Take the lines from the head of the listing through the one bearing "Якщо хочеш скласти" and copy them exactly, leaving every picture out.

● **Collected data**:
● ● ● ●

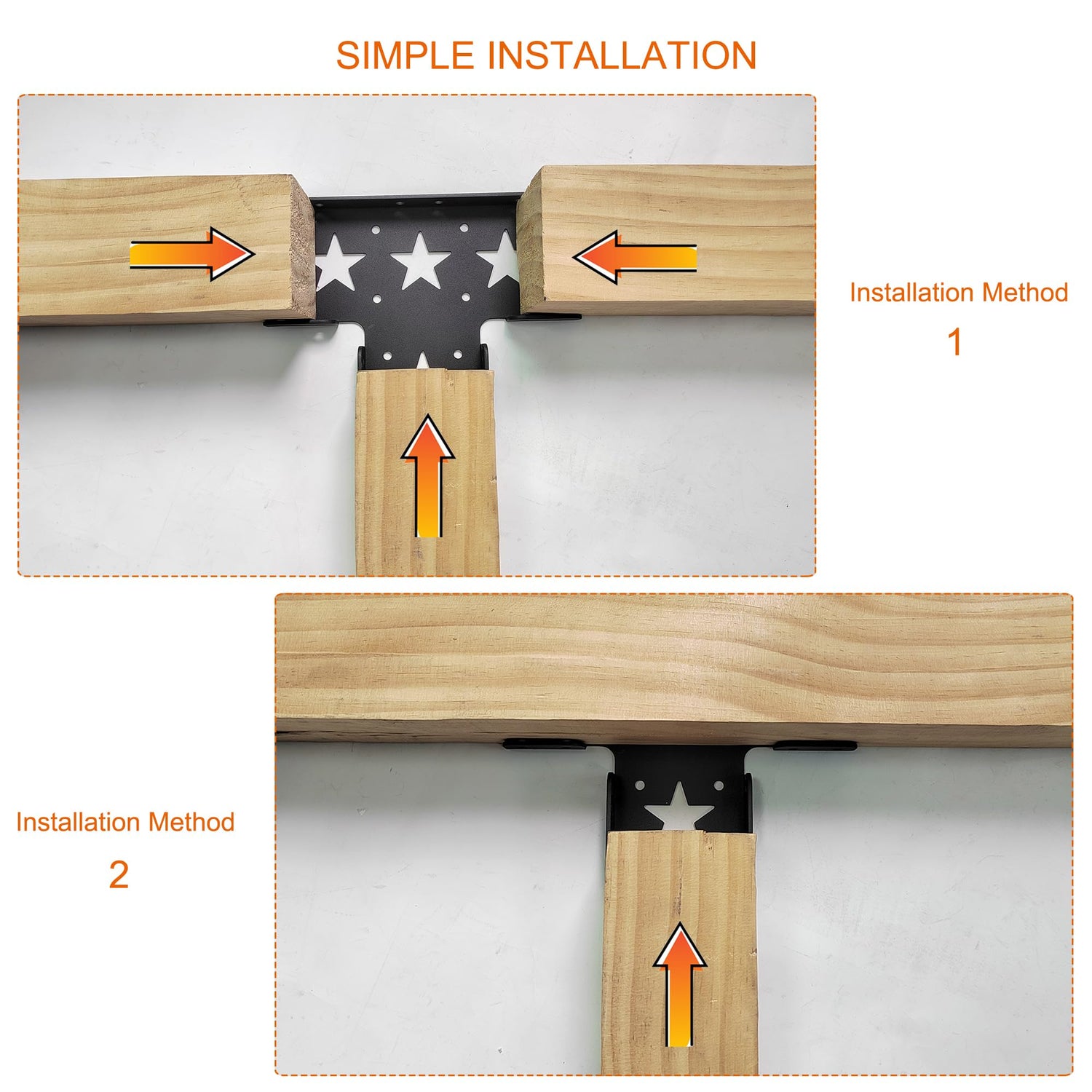 - T bracket--Each pergola bracket has φ0.25" pre-drilled holes for quick and easy installation,just cut the beam to the desired length and choose location,mark it,drill holes on the wooden beams, assembly and anchoring
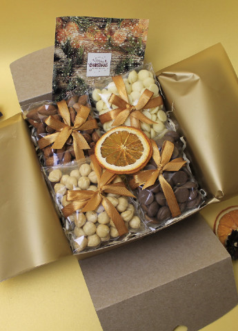 Якщо хочеш скласти власний новорічний подарунок з цукерками, починай з базових солодощів — шоколад, мармелад, карамель. Добре, коли в наборі є різні форми і кольори, тоді він виглядає цікавіше.
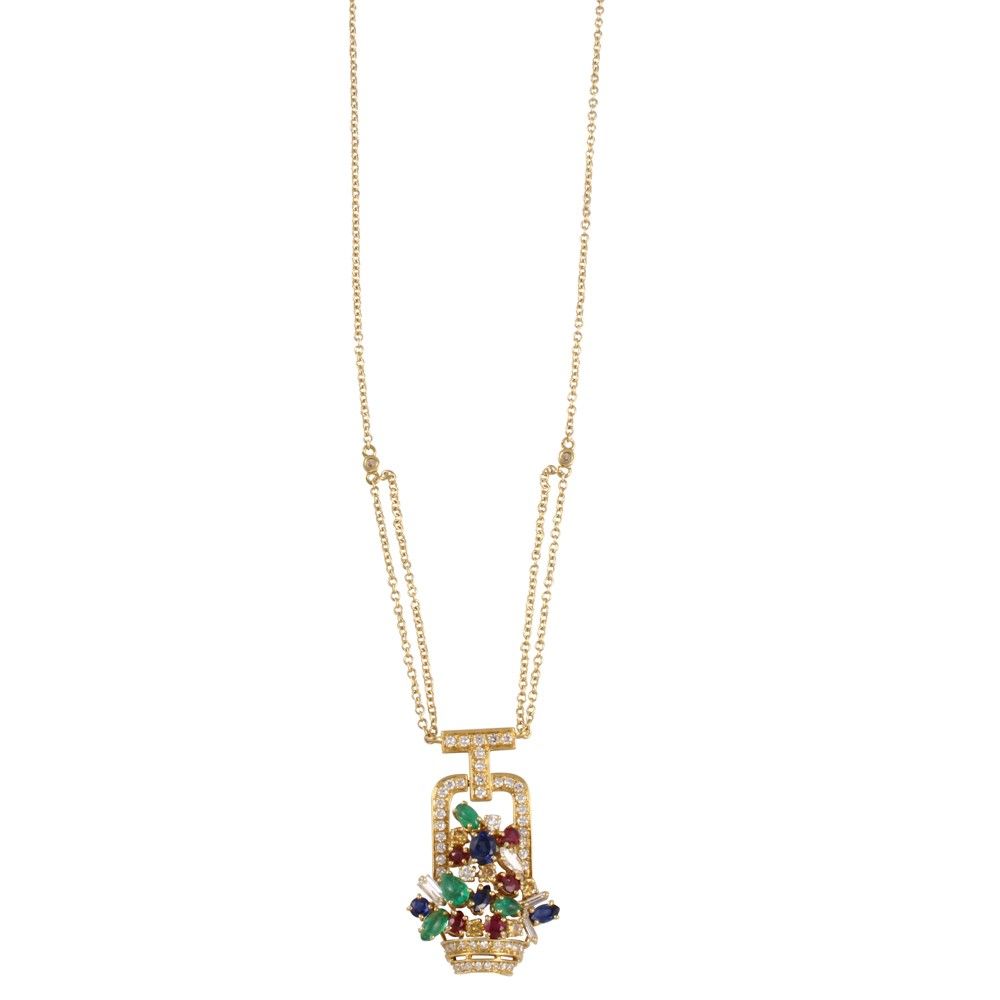 in oro giallo raffigurante un cestino fiorito stilizzato con diamanti, zaffiri, rubini e smeraldi cabochon, sostenuto da una sottile catena ornata da due piccoli brillanti, gr. 10,2.

● ● ● ●

● **Result of this exercise**:
 - T bracket--Each pergola bracket has φ0.25" pre-drilled holes for quick and easy installation,just cut the beam to the desired length and choose location,mark it,drill holes on the wooden beams, assembly and anchoring
 Якщо хочеш скласти власний новорічний подарунок з цукерками, починай з базових солодощів — шоколад, мармелад, карамель. Добре, коли в наборі є різні форми і кольори, тоді він виглядає цікавіше.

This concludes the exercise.